Caterina: Start small so there are other people hanging out in the same room where you are.

Q from audience: Closed community .vs open for Flickr. Are there different requirements?

Caterina: Typical use case is that you'll see someone's photos except photos of their children. The number of public to private groups is 80 - 20. It's really dependent upon the user. You can form a group for only invitees. You can have a public group that is for invitees as well. It's very varied. the publicness is what makes Flickr Flickr.

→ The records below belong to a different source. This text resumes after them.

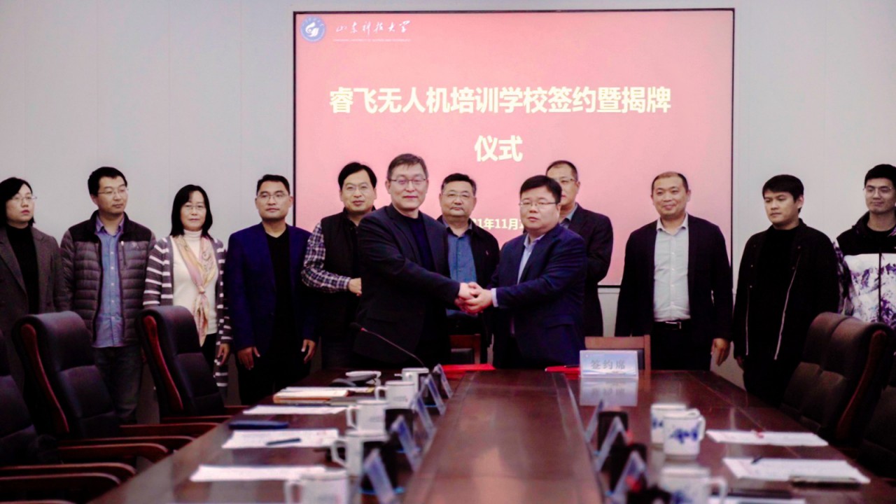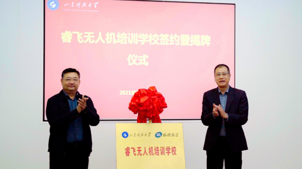 11月17日,BB贝博艾弗森官网与瑞源工程集团举行“睿飞无人机培训学校”揭牌暨签约仪式。校党委副书记尹华,瑞源控股集团执行总裁、工程集团总经理于瑞建出席仪式并共同为“睿飞无人机培训学校”揭牌。测绘学院党委书记秦昌盛与山东瑞智飞控科技有限公司总经理孔锁财代表双方签署校企合作协议。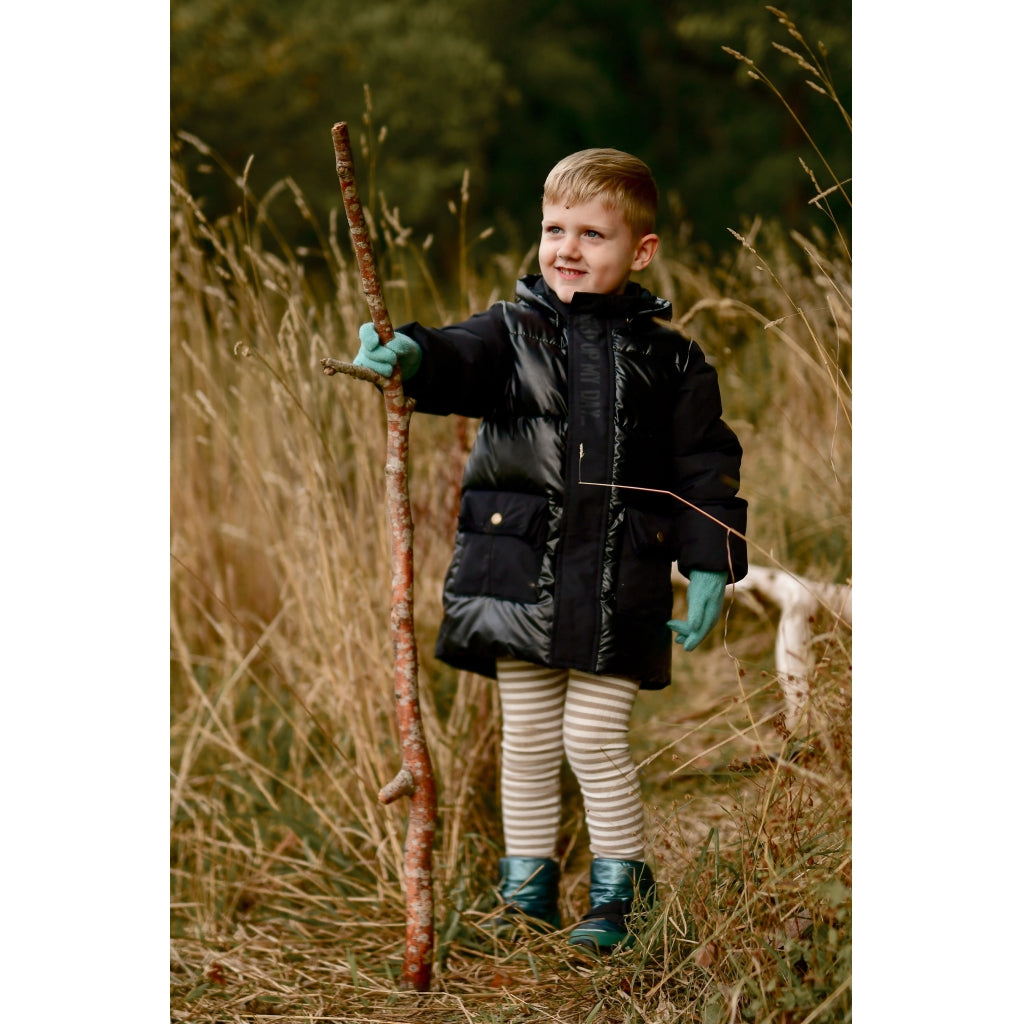 - Vindtæt og isolerende med let og fyldig polyesterfyld, der holder barnet varmt og beskyttet mod vinden.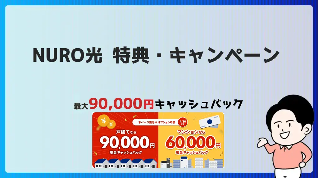 NURO光のキャンペーンは90,000円キャッシュバックがもらえたり、月額料金が1年間980円にて利用できる特典・キャンペーンを開催しております。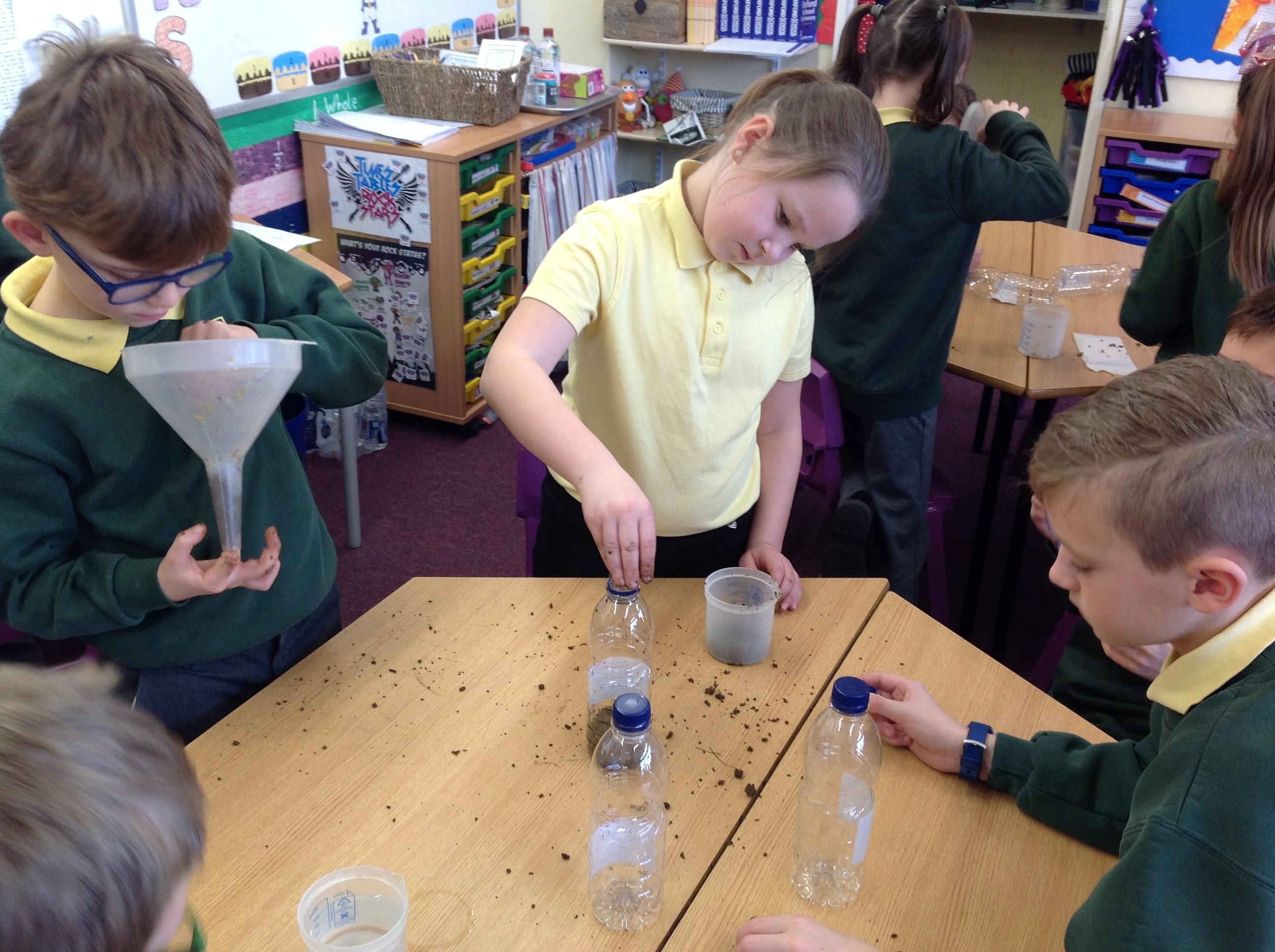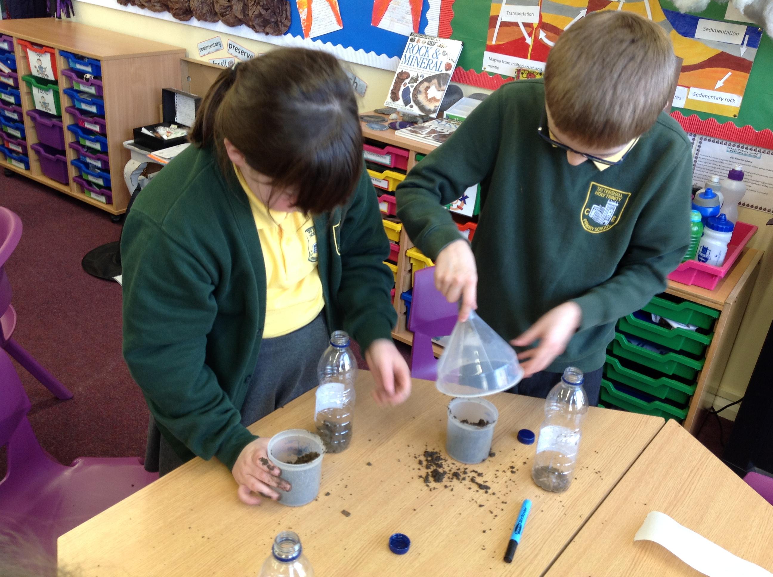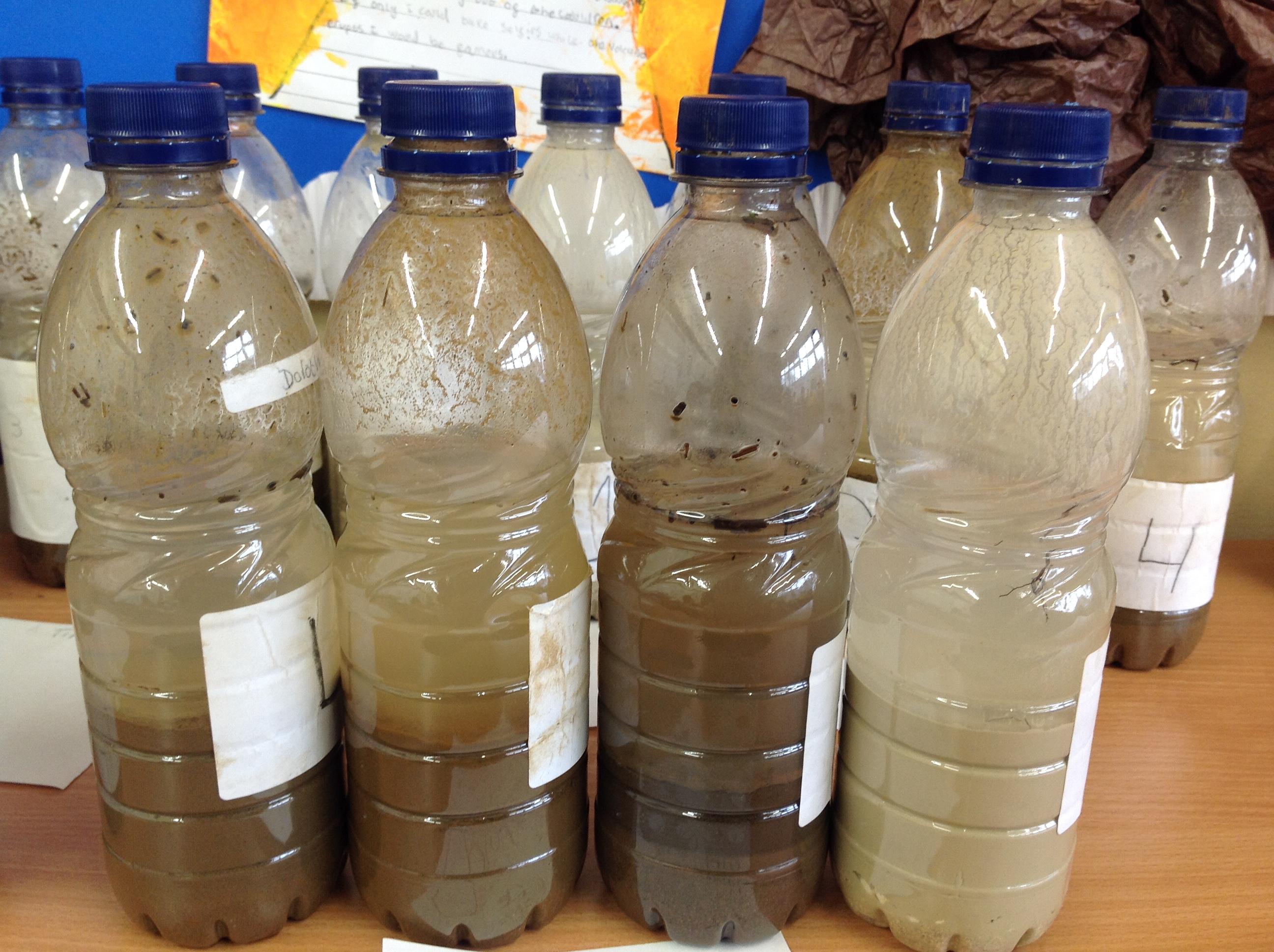 We tested different soils today to see what soil is made up of. We had 4 different soils and we had to make it a fair test. We placed the soils in different bottles and then mixed them with water. We left them overnight and we could clearly see the different layers of sediment and other materials floating in the water!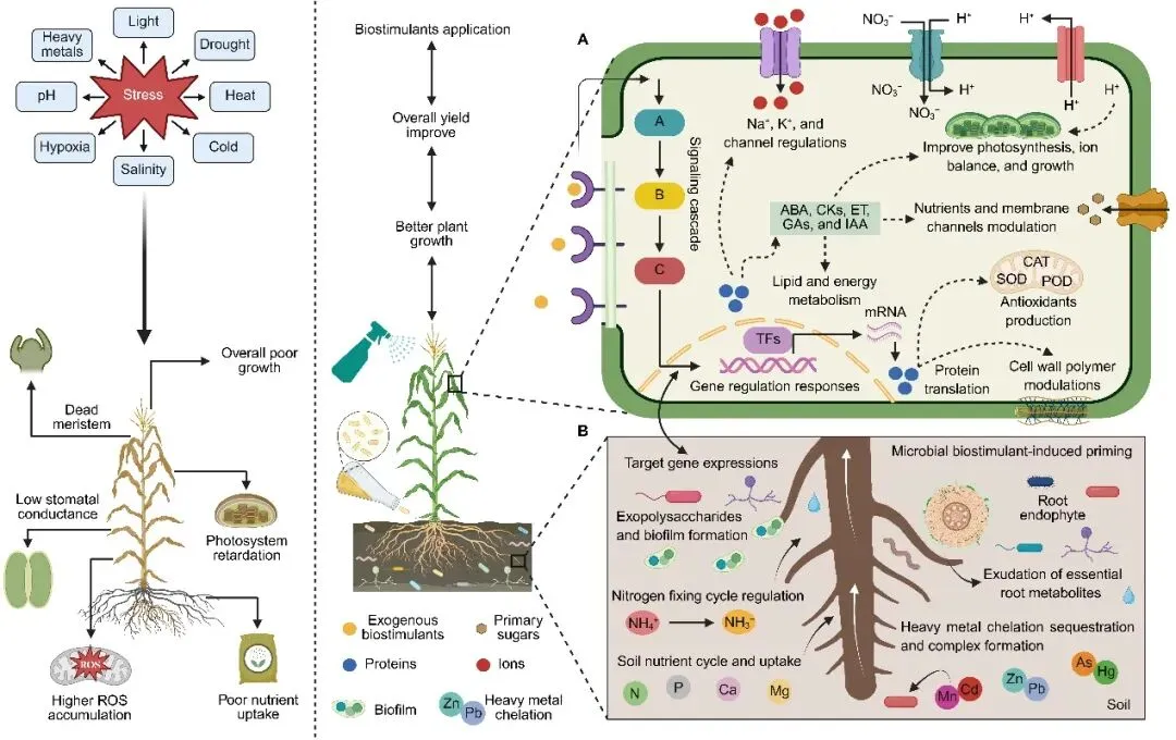 全球气候变化加剧了干旱、高温、盐碱、涝渍和重金属等非生物胁迫对农业生产的影响,严重威胁联合国可持续发展目标“零饥饿”的实现。在这一背景下,如何在减少化学投入的同时提升作物对环境逆境的适应能力,已成为农业科学领域亟待解决的核心问题。生物刺激素作为一种区别于传统肥料和植物生长调节剂的新型农用投入品,正以其独特的调控机制和绿色安全的特性,成为提升作物抗逆性的重要策略。然而,尽管生物刺激素的应用效果已被广泛证实,其背后的分子机制仍缺乏系统梳理,这限制了从经验施用向精准设计的跨越。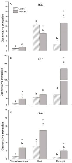 Effects of γ-aminobutyric acid (GABA) on genes’ expression of (A) superoxide dismutase (SOD), (B) catalse (CAT), and (C) peroxidase (POD) under normal, heat, and drought conditions. Vertical bars indicate ±SE of mean (n = 4). Different letters above columns indicate significant differences for one particular treatment (control or +GABA) under different conditions; asterisk “*” indicates significant difference between control and +GABA treatment under a given condition.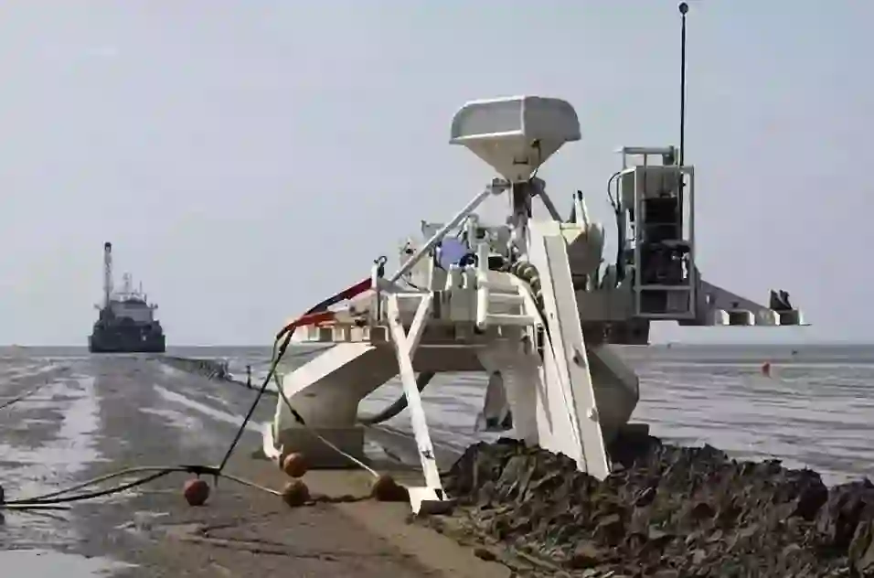 其中在浅海区域,光缆敷设船停留在距离海岸数公里的位置,通过岸上牵引机的牵引,将放置在浮包上的光缆向岸边牵引,然后拆除浮包,使光缆沉至海底。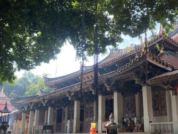 “E芯人·閩藝遺韻”中華文脈傳承團(tuán)步履不停,奔赴泉州少林寺,在歷史遺存中深掘閩地文脈。古寺內(nèi),榕蔭如蓋,紅墻黛瓦間,傳承團(tuán)駐足凝視斗拱上的精美雕飾,指尖輕觸歷經(jīng)歲月摩挲的木柱,細(xì)聽(tīng)檐角銅鈴隨風(fēng)搖曳的韻律,于一榫一卯中感知閩南傳統(tǒng)營(yíng)造技藝的精湛;移步至少林牌坊前,傳承團(tuán)肅立仰望“少林勝蹟”匾額,撫摸石碑上的斑駁刻痕,當(dāng)年輕的眼眸望見(jiàn)歷史的褶皺,當(dāng)溫?zé)岬闹讣庥|碰歲月的肌理,中華文脈傳承不再是遙遠(yuǎn)的符號(hào),而是青春輩接過(guò)的使命火炬。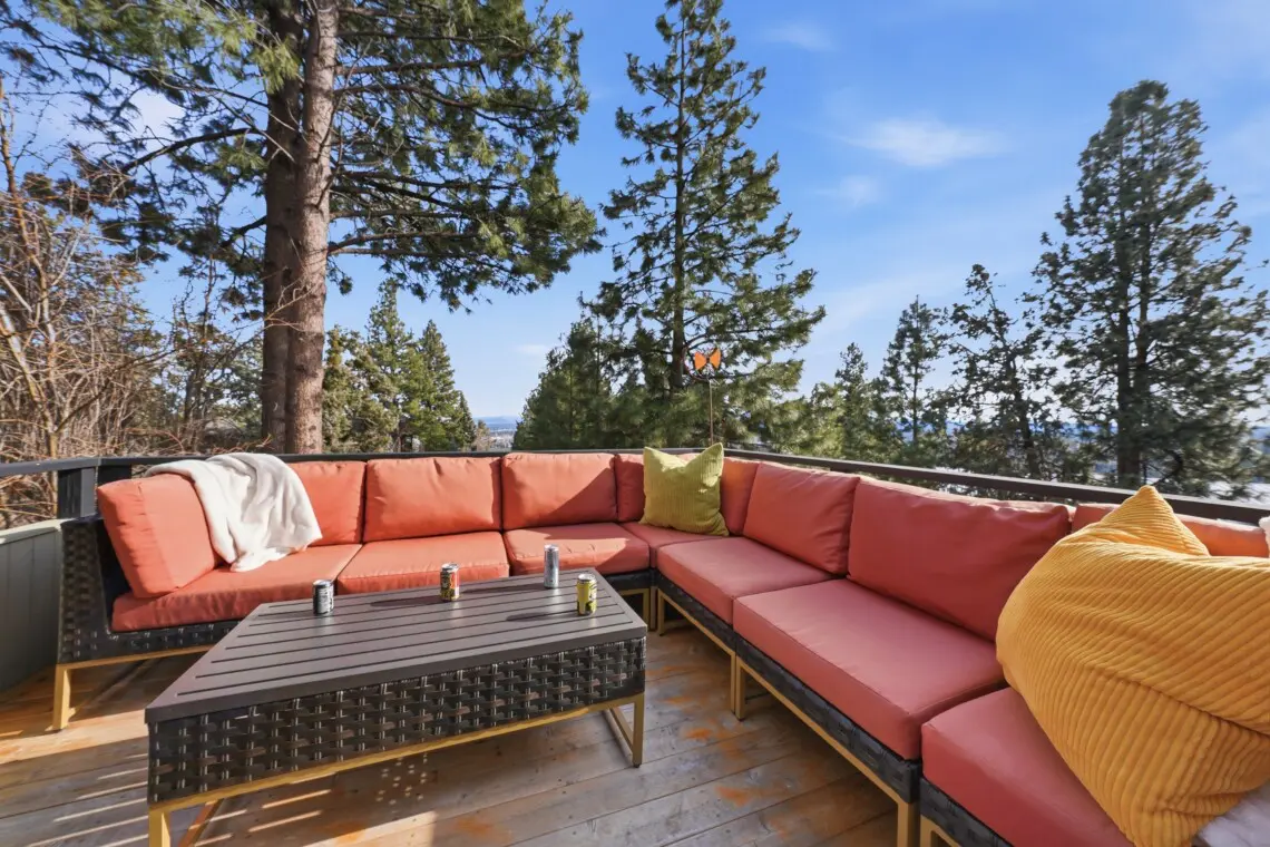 Your perfect Bend basecamp awaits—this comfy, spacious home features a huge 9-person hot tub, gourmet kitchen, and decks with seating for morning coffee and mountain views. Pets are allowed (small dogs preferred) with a fenced dog run, and the location is just 5 minutes to Drake Park and 3 minutes to Central Oregon Community College.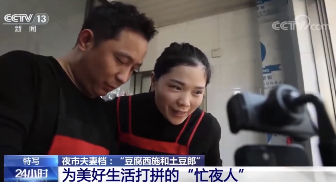 据央视新闻3月19日报道,“95后”夫妻范丹丹和赵庆书,在浙江义乌的青口夜市经营小吃摊。夫妻俩边摆摊边直播,因生意火爆,每天500斤土豆和250斤豆腐甚至不够卖。凌晨,人群散去,小两口高兴地盘算销售额:“大概9000块左右,一天就赚到了,好有成就感。”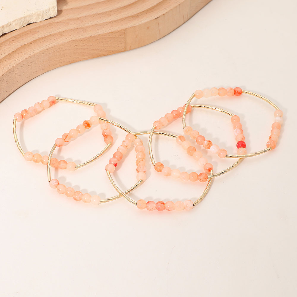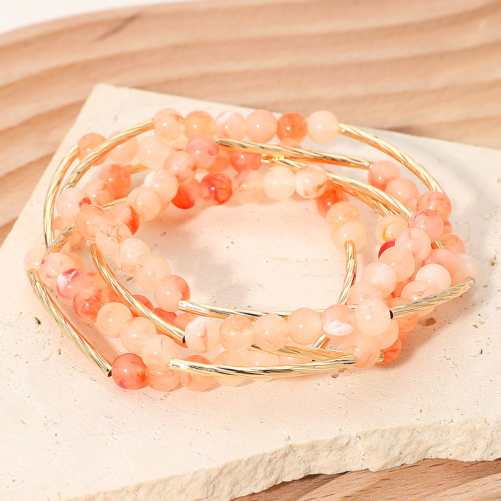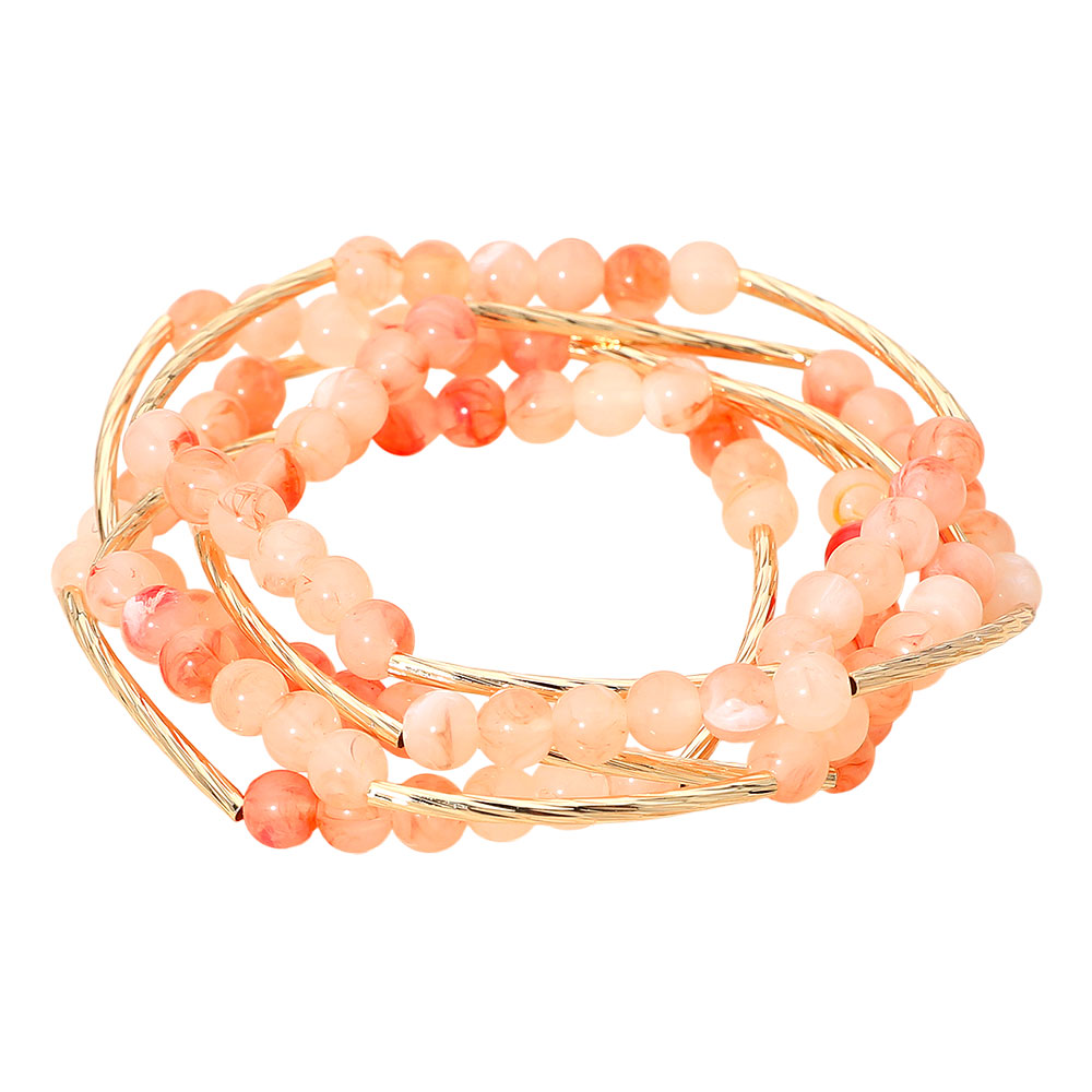5PCS -Round Ball Curved Textured Bar Beaded Stretch Multi Layered Bracelets

Q from audience: The role of the lurker in communities -- is there a way to reach out? There are lot of people who don't post.

Lisa: There are studies that for every one posting there are 10 interested who aren't saying anything. That's why we have so many topics. We try to obtain a very diverse group of voices.

Jenna: Integrate community into content of site so everyone doesn't have to feel like they are doing community. Some people are nervous about being involved in community, so keep some things on the content level where they can engage.

Q from audience: Does an offline component enable the online component?

Caterina: Slashdot is excellent, but it doesn't have a meetup. There is no where on the site designated for that. Successful communities have been able to bridge the offline and online worlds.

Jessica: It's a huge part of our business. Many of our users deliver in person.

Lisa: It's been essential. We started offline. Now it's a huge viral marketing congo line that we're having a challenge trying to quantify.

Q from audience: Can you talk more about business models? Integrating advertising into your community.

Caterina: We don't have ad on individual photo pages. Advertising does not work on individual entries. It can be a bad experience. Serving ads against the content. But you can serve against aggregate content. As you're searching for content, to get ads that relate it's appropriate. But on individual user pages it's obtrusive.

Lisa. We've had a very different experience. We introduced an advertising network to begin paying our contributors a small stipend.

Jory: we asked bloggers to identify advertisers that they don't want to see on their sites. We go through and do a review of the blogs that advertisers will be on. The issues that advertisers have is that they want to control the conversation. I have yet to see a blogger rag on an advertiser.